US futures were also trading with a heavier bias. Interest rates remained firm. The US 2- and 10-year yields were up a couple of basis points to 2.47% and 2.85%, respectively.

China's GDP inexplicably rose, though March details were poor and the yield on the Chinese 10-year bond rose almost 3 bp to 2.80%. The dollar rose high. Despite more official expressions of concern by Japanese officials over the pace of the move, the dollar was rising for the 12th consecutive session against the yen and reached a new high of almost JPY126.80.

The euro had been trading around a 20-pip range on either side of $1.08. The dollar bloc and sterling were the weakest. Emerging market currencies were also mostly lower.

Gold was up about $14, closing in on the $2000-mark, which had not been seen since Mar. 10. June WTI extended its three-day rally to $108, but returned to the $106 area in quiet turnover. It rose almost 9% last week.
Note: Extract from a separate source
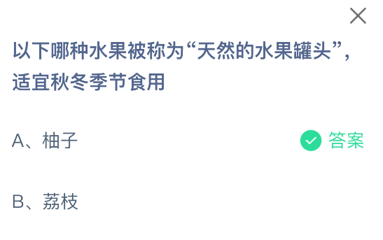以下哪种水果被称为“天然的水果罐头”,适宜秋冬季节食用?支付宝小鸡课堂开课啦!每天花一分钟答题赚饲料,喂喂小鸡就能贡献爱心啦!轻松又意义十足!2025年9月23日蚂蚁庄园的小鸡课堂题目正确答案是【柚子】,在水果中,沙田柚因果皮厚、果肉不易变质等特点,能在常温下长时间保存,有着“天然水果罐头”的美誉。

Iron ore fell 2.4% today, giving back last week's gains in full. Copper was firmer, extending its advance for the fourth consecutive session. US natural gas prices were up more than 3%. It was the fifth session of higher prices and last week's 16.3% advance was the fifth consecutive weekly gain. July wheat prices were trading around 2% higher. It rose 4.4% last week.

Asia Pacific

China reported that Q1 GDP rose twice as fast the economists expected (median in Bloomberg's survey) with a 1.3% quarter-over-quarter expansion. The year-over-year rate increased to 4.8% from 4.0%. However, the details do not jive.

Investment rose, but production of steel and cement fell by 10%. Industrial output rose 5.0% year-over-year in March. Economists expected a 4% increase. Real estate sales fell 29% year-over-year in March, while the 100 largest property developers reported a 50% decline.

Still, the takeaway was that March was poor, and April will likely be weaker still. Retail sales fell 3.5% year-over-year in March. The median forecast was for a 3% fall. Joblessness rose to 5.8% from 5.5%. It was expected to be unchanged.

Japanese officials appeared to have stepped up their rhetoric about the yen, but the focus was still on the pace of the move. This took some of the sting away from the jawboning. BOJ Governor Kuroda slowly ratcheted up his remarks, telling the Diet today that the recent yen moves had been rapid. Finance Minister Suzuki said excessive and disorderly moves had negative impact.

Still, if officials wanted to stem the tide, they needed to climb the next rung of the escalation ladder, which would seem to be an acknowledgement that the level that had been reached was problematic.

However, with the divergence of monetary policy and low inflation (deflation, if fresh food and energy were excluded), it was difficult to make a compelling case that the yen's weakness did not reflect fundamentals.

South Korea will formally apply to the Comprehensive and Progressive Agreement for Trans-Pacific Partnership before President Moon Jae-in's term ends early next month. Since last year, South Korea had been moving in this direction, but made the formal announcement before the weekend.

The incoming government (President Yoon Suk-yeol) apparently supported the accession process, which could take a year or more. The ostensible goal was to diversify exports, but a state-run economic institute forecasted that joining the CPTPP would boost GDP by around 0.33%.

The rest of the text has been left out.